Washington will deliver “to the Ukrainians more advanced missile systems and ammunition that will allow them to more accurately hit key targets on the battlefield in Ukraine,” writes Joe Biden in a contribution to the New York Times, published Tuesday by the newspaper. .

A senior White House official said in an interview with the press that it was Himars (High Mobility Artillery Rocket System), that is to say multiple rocket launchers mounted on light armor.

He indicated that this equipment, the number of which was not specified, would have a range of about 80 kilometers.

These are therefore not very long-range systems, several hundred kilometers, as the Americans also have, but they are nevertheless a significant reinforcement of Ukrainian capabilities.

Indicating that he wanted Ukraine to be “in the strongest possible position” in the event of negotiations with Russia, the American president wrote to him: “We do not encourage Ukraine and we do not give ‘Ukraine the means to strike outside its borders’.

The senior White House official told him that “the Ukrainians had provided assurances that they would not use these systems against Russian territory.”

Since the start of the conflict, Joe Biden has always been concerned not to supply weapons which, according to him, would put the United States in a situation of co-belligerents alongside the Ukrainians.

– $700 million –

This equipment is part of a new broader component of US military assistance to Ukraine, totaling $700 million, details of which are to be given on Wednesday.

The Ukrainians had for some time been calling for multiple rocket launchers that would allow them to hit Russian positions in depth while placing their batteries further from the front.

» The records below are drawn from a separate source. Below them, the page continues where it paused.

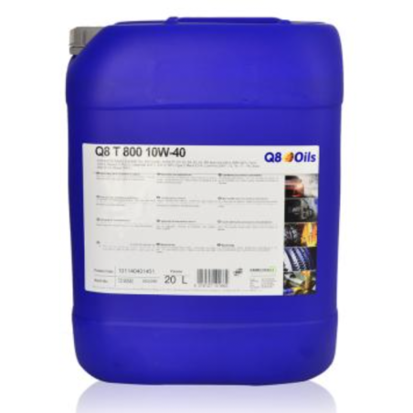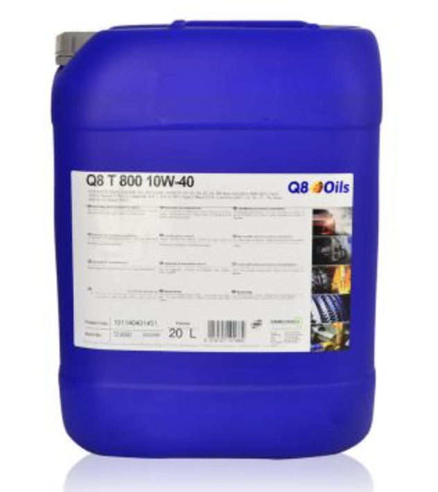 Q8 T 800 è un lubrificante del tipo Genuine SHPDO (Super High Performance Diesel Oil) messo a punto per essere impiegato con intervalli di sostituzione prolungati. E’ stato sviluppato per l’uso nei motori diesel aspirati e turbocompressi, con o senza intercooler, di ultima generazione, anche con sistema EGR (ricircolo dei gas di scarico), SCR o altri dispositivi di trattamento dei gas di scarico.
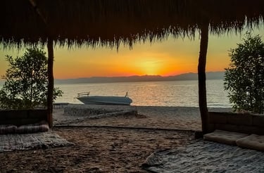 Estamos ubicados en Ras Shitan, Nuweiba, justo en la playa del Mar Rojo.
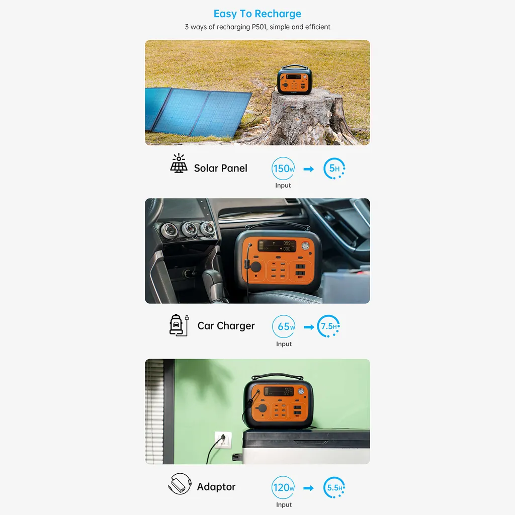 OUKITEL P501E 500W (1000W Peak) Stromerzeuger Power Station 505WH Tragbare Stromgenerator Solargenerator Mobiler Stromspeicher Power Station Für Notstrom Camping Emergecy Zu Hause
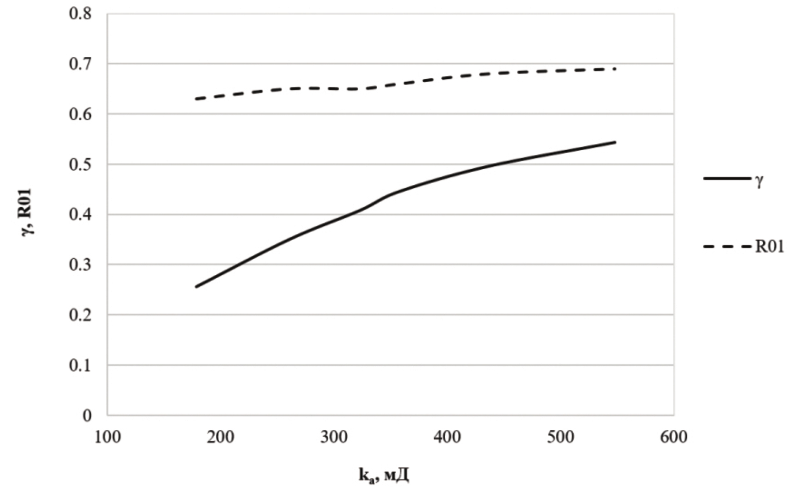 Неоднородность проницаемости слоистого коллектора может быть охарактеризована коэффициентом Дикстры Парсонса или коэффициентом вариации проницаемости [29]. Формальное представление вариации включает логарифмическую среднюю проницаемость и проницаемость, которая определяется с вероятностью 84 %:
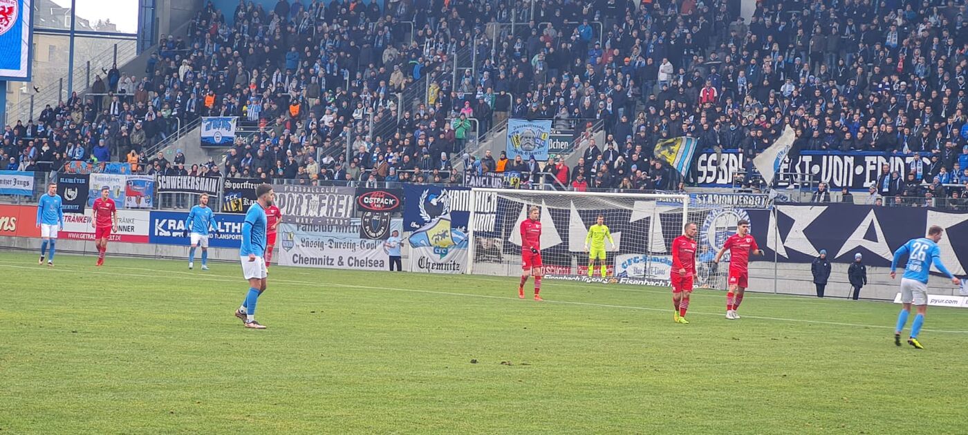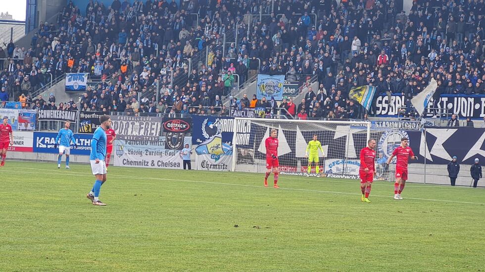 Der Chemnitzer FC hat am Sonntag sein erstes Heimspiel des Jahres gewonnen. Die Himmelblauen bezwangen den Greifswalder FC mit 2:0. Die Tore schossen Stephan Mensah und Tim Campulka. Damit klettert der CFC auf Platz zwei der Regionalliga-Tabelle.
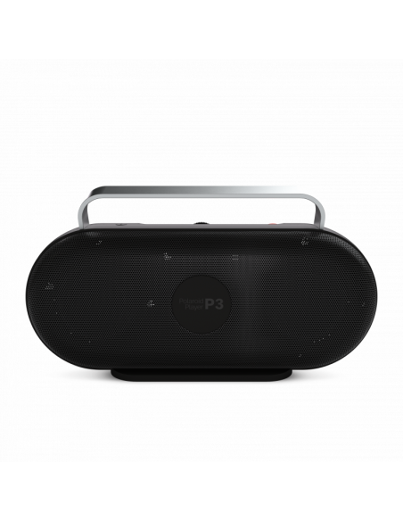 Con le dimensioni di un ananas (compresa la "corona", che è proprio il nome della parte superiore), è la scelta ottimale per chi ha bisogno di più volume. Ma resta sempre super portatile, grazie alla maniglia in metallo lucido. Anche se nessuno dei nostri altoparlanti è stato creato per passare inosservato, il P3 è il vero cavallo di battaglia, che con le sue vibrazioni retro- futuristiche ricrea l'energia dei grandi boombox di una volta.
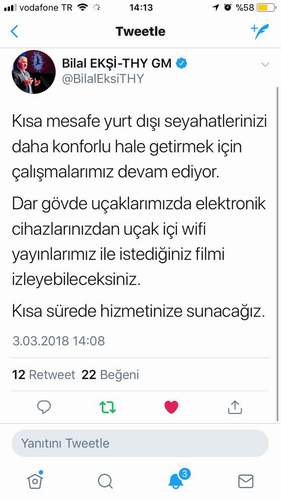 Yakın mesafede yolculara sunulması planlanan Wifi müjdesini ise Türk Hava Yoları(THY) Genel Müdürü Bilal Ekşi verdi. Sosyal medya hesabı Twitter’dan konuya ilişkin paylaşım yapan Ekşi, “Kısa mesafe yurt dışı seyahatlerinizi daha konforlu hale getirmek için çalışmalarımız devam ediyor. Dar gövde uçaklarımızda elektronik cihazlarınızdan uçak içi wifi yayınlarımız ile istediğiniz filmi izleyebileceksiniz. Kısa sürede hizmetinize sunacağız” sözleriyle hazırlıkları süren çalışmayı duyurdu.
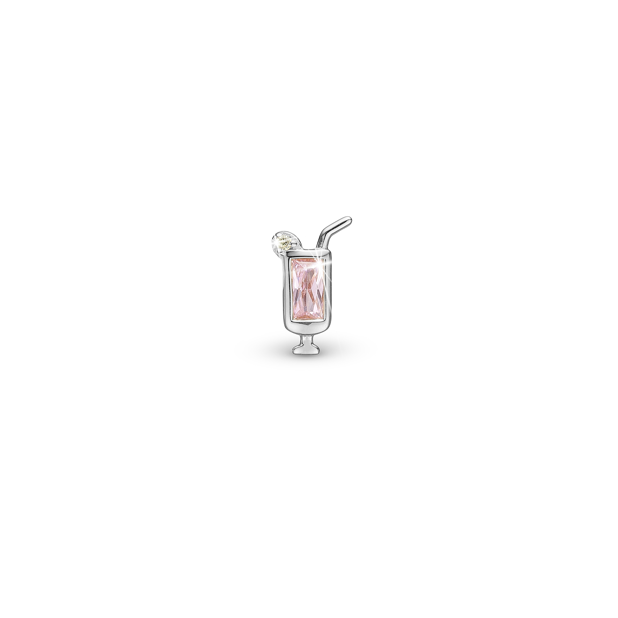 Inspireret af sommerlige drinks med en smuk lysserød baguette cubic zirconia. Søde detaljer i form af et sugerør og en citron på glasset. Den lyse og glade farve symboliserer sjov, forfriskning og livsglæde. Med denne drinks-ørestik kan du tilføje et strejf af lethed og festlighed til dit outfit.

Russian forces have the stated objective of controlling the entire large mining basin of Donbass, of which pro-Russian separatist forces backed by Moscow took partial control in 2014.

In his column in the New York Times, the American president assures us, at a time when the Ukrainian army is facing an extremely intense Russian offensive in the east of the country, that he “will not put pressure on the Ukrainian government, that whether in private or in public, for him to make territorial concessions.”

This clarification comes after a series of calls from former diplomats or commentators to quickly launch peace negotiations, some of which, such as former US Secretary of State Henry Kissinger, seem to believe that this will pass for kyiv by the sacrifice of certain territories in the east.

Joe Biden, who orchestrated the Western response to Vladimir Putin, finally assures in his tribune that the cohesion between Westerners remains intact: if the Russian president “expects us to hesitate or that we divide in the next months, he is wrong.”